→ Your objective:
With pictures left out, only the lines from the one containing "14. jūnijā pirmajā" through the end of the records should be reproduced exactly, please.

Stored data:
──────────
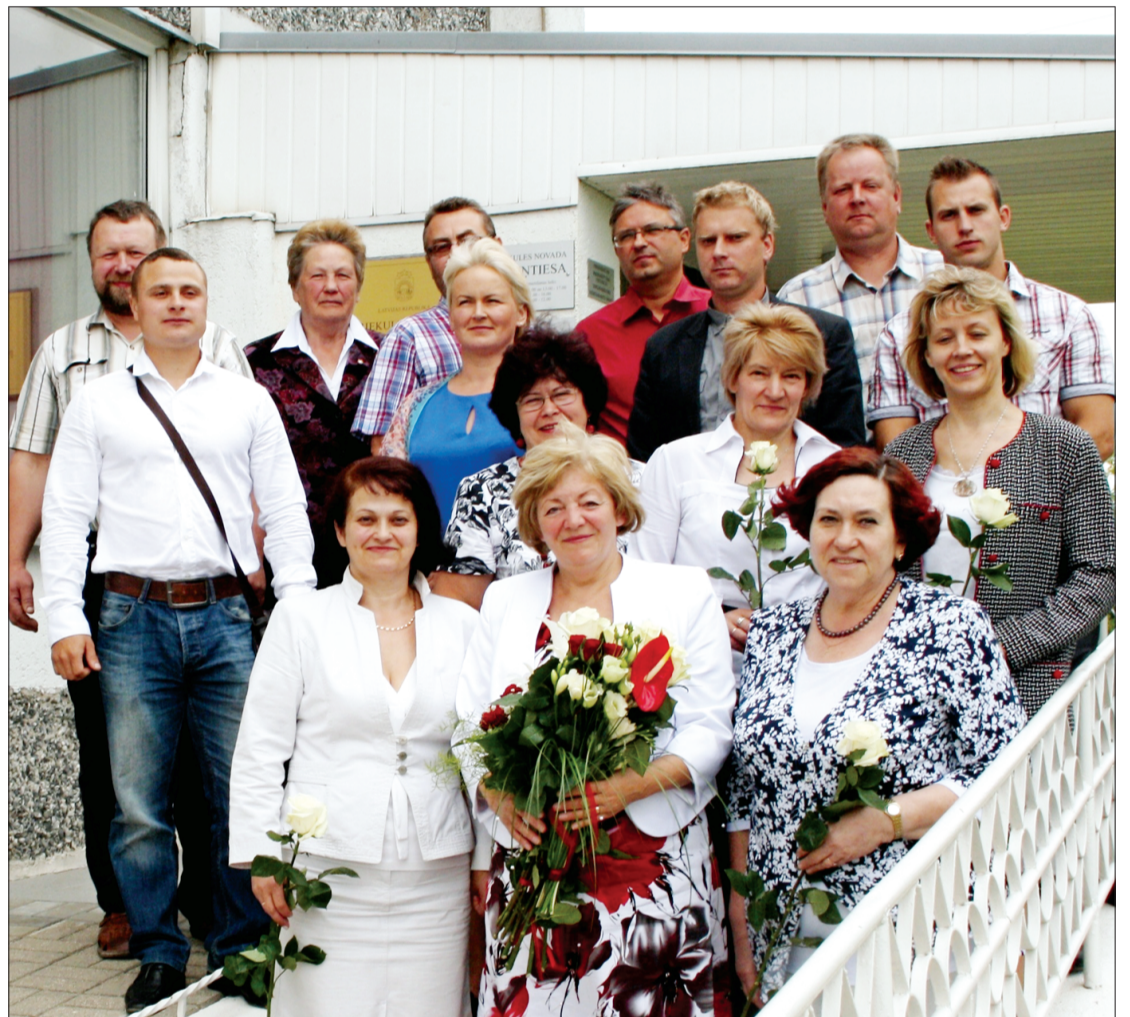
Priekules Novada domes jaunievēlētie deputāti.

14. jūnijā pirmajā Priekules Novada domes jaunā sasaukuma sēdē tika ievēlēta jaunā domes vadība un komitejas.
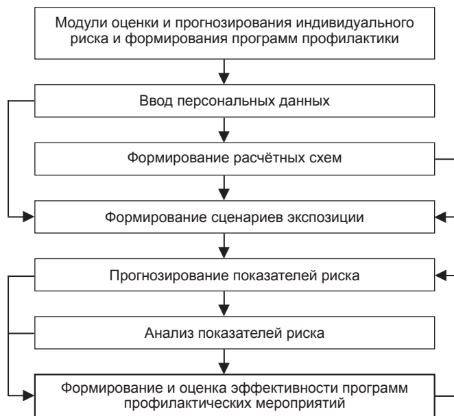
Рис. 2. Общая схема взаимодействия модулей ИАС.

тодами физио- и фитотерапии, обеспечивающими стимуляцию процессов микроциркуляции и лимфодренажа для выведения токсичных веществ из органов-депо;
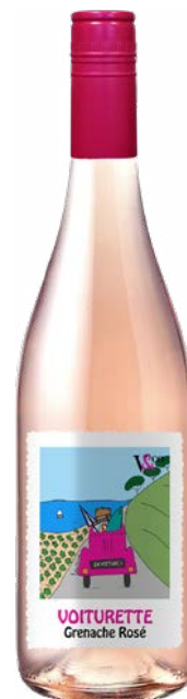
VOITURETTE GRENACHE ROSÉ
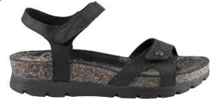
Panama Jack Sulia € 119,- Veloursleder, schwarz
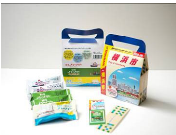
株式会社ありあけ×株式会社有隣堂 『地球の歩き方 横浜市』 オリジナルパッケージのコラボハーバー
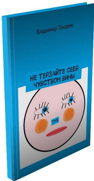
Рис. 6. Предпоследняя книга серии «Эмоции в розницу».
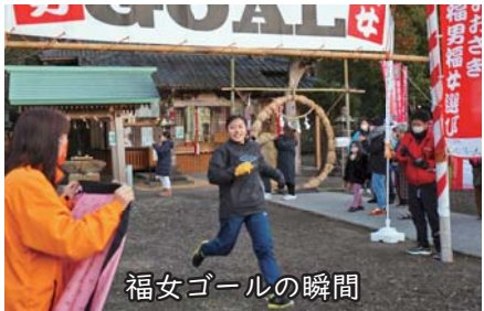
福女ゴールの瞬間
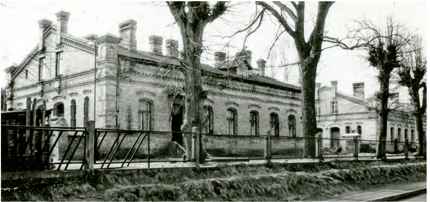
Sūkņu stacijas ēkas. 1995. gads

sētās un viņas rokām aprūpētās milzu palmas. Botāniskā dārza cienīgi eksemplāri. Mūsu platuma grādos – absolūti neiespējami noticēt! Aizbrauciet un pargaugieties paši savām acīm.
──────────
→ Your response:
14. jūnijā pirmajā Priekules Novada domes jaunā sasaukuma sēdē tika ievēlēta jaunā domes vadība un komitejas.
Рис. 2. Общая схема взаимодействия модулей ИАС.

тодами физио- и фитотерапии, обеспечивающими стимуляцию процессов микроциркуляции и лимфодренажа для выведения токсичных веществ из органов-депо;
VOITURETTE GRENACHE ROSÉ
Panama Jack Sulia € 119,- Veloursleder, schwarz
株式会社ありあけ×株式会社有隣堂 『地球の歩き方 横浜市』 オリジナルパッケージのコラボハーバー
Рис. 6. Предпоследняя книга серии «Эмоции в розницу».
福女ゴールの瞬間
Sūkņu stacijas ēkas. 1995. gads

sētās un viņas rokām aprūpētās milzu palmas. Botāniskā dārza cienīgi eksemplāri. Mūsu platuma grādos – absolūti neiespējami noticēt! Aizbrauciet un pargaugieties paši savām acīm.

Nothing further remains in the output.